Michi Halilović

Personal information
- Born: 4 September 1983 (age 42) Berchtesgaden, Bavaria, West Germany

Medal record
Men's skeleton
Representing Germany
World Championships
| Gold medal – first place | 2011 Königssee | Mixed team |

= Michi Halilović =

German skeleton racer (born 1983)

Mirsad "Michi" Halilović (born 4 September 1983) is a German skeleton racer of Bosnian origin who has competed since 2001. His first World Cup victory was at a men's event at Altenberg in December 2009. Halilović competed at the 2010 Winter Olympics where he finished 13th.

Mirsad Halilovic most recently competed for WSV Königssee, previously also for RC Berchtesgaden. He was active in the sport since 2000 and was trained by Bernhard Lehmann, Raimund Bethge and Sepp Dossthaler. The police champion aspirant became junior world champion in 2005, in 2006 he missed another medal as fourth. In 2005 he was German Junior Champion, at the German Championships of the same year he was fourth, in 2004 and 2006 he was fifth. In 2008 he won the German Championships for the year 2009 ahead of Florian Grassl and David Lingmann.

Since 2000, Halilovic first competed in the European Cup, finishing third in the 2002/03 season and second overall in 2003/04. He then switched to the World Cup.

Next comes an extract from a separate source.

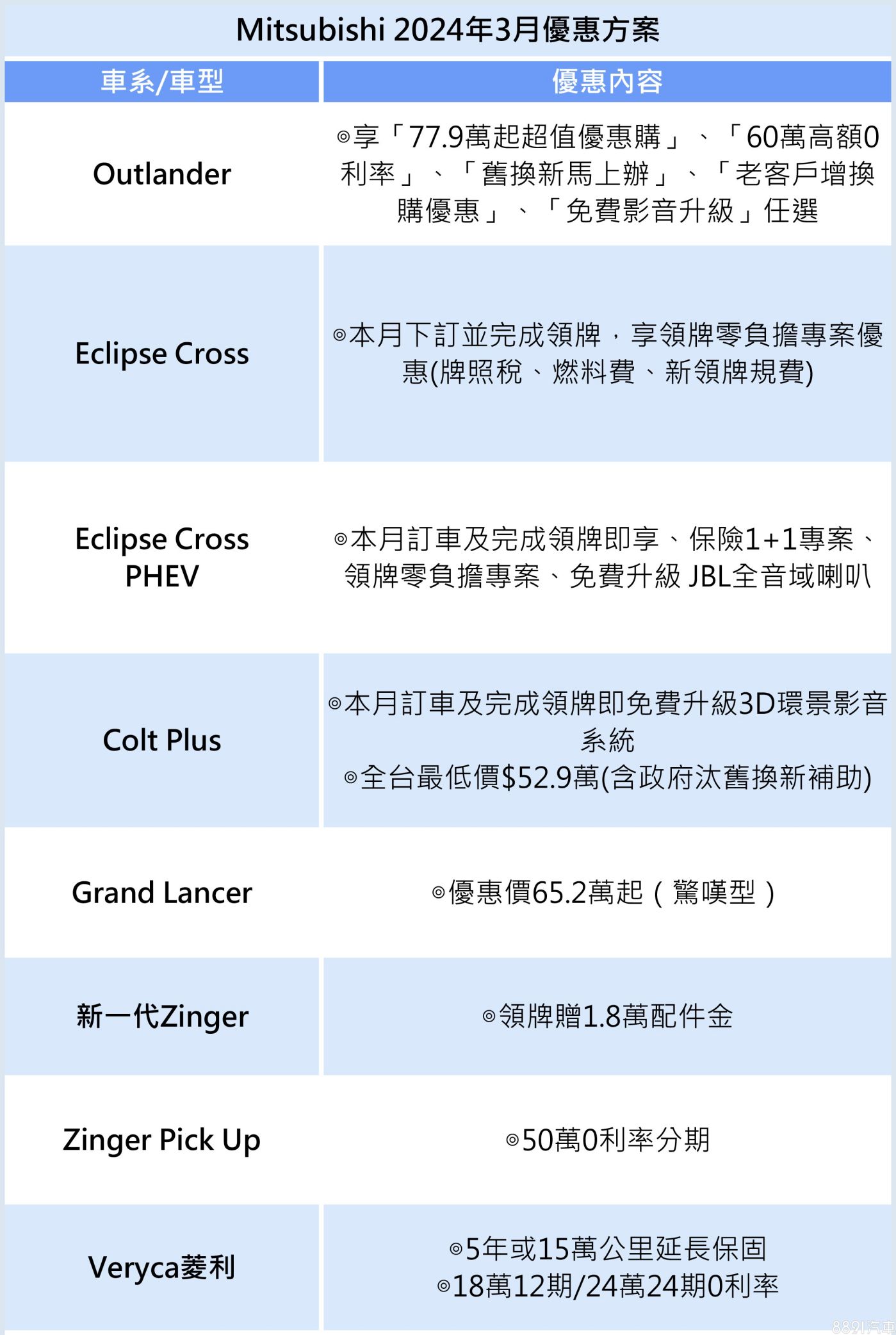 Mitsubishi 多車系延續舊換新優惠價、延長保固或0利率分期專案,新一代Zinger領牌送1.8萬配件金。於本月入主Outlander、Eclipse Cross PHEV、Colt享影音系統升級。

He achieved his first outstanding result in Winterberg in 2005, finishing fourth, which he improved on in his first season appearances in Cesana in 2007 with a third place and then in Winterberg with a second place behind Alexander Tretyakov. So far, he has achieved top-10 finishes six times. In the 2008-09 season, Halilovic failed to qualify for the World Cup team and then competed in the race series below it, the Skeleton Intercontinental Cup. There he won the first four of the season's eight races, finished second and third once each, and at the end of the season was the superior winner in the overall standings ahead of Chris Type and Alexander Gaszner. Halilovic finished fourth in his only World Cup race in St. Moritz, where he replaced Type, who was competing in the Junior World Championships. At the World Championships in Lake Placid in February 2009, Halilovic finished in 5th place, achieving the best German result at the season's highlight. In the 2009/10 World Cup season he won his first World Cup race in Altenberg. In his first Olympic appearance in Vancouver in 2010, Halilovic finished 13th in the Whistler Sliding Centre. In the 2010-11 season, he posted six top-10 finishes in the World Cup and was sixth overall. He finished ninth at the European Championships in Winterberg and fifth at the World Championships in Koenigssee.

The 2011/12 season began with an accident in which Halilovic tore the discus of his left hand in a training run and severely injured the capsule. This forced him to take a five-week break and he could not take part in the national eliminations for the World Cup, but he was still used in the Intercontinental Cup. There he won seven of the eight organized races in a commanding manner and secured his second overall victory of this series in a superior manner with a lead of almost 200 points over the Canadian Charles Wlodarczak and the Briton Ed Smith. He thus stocked up individual victories in the ICC to a total of eleven.

Halilovic ended his sporting career in 2012. The skeleton world team champion now uses his communication skills as a PR manager in the media industry. He has been speaking for NBCUniversal since 2013.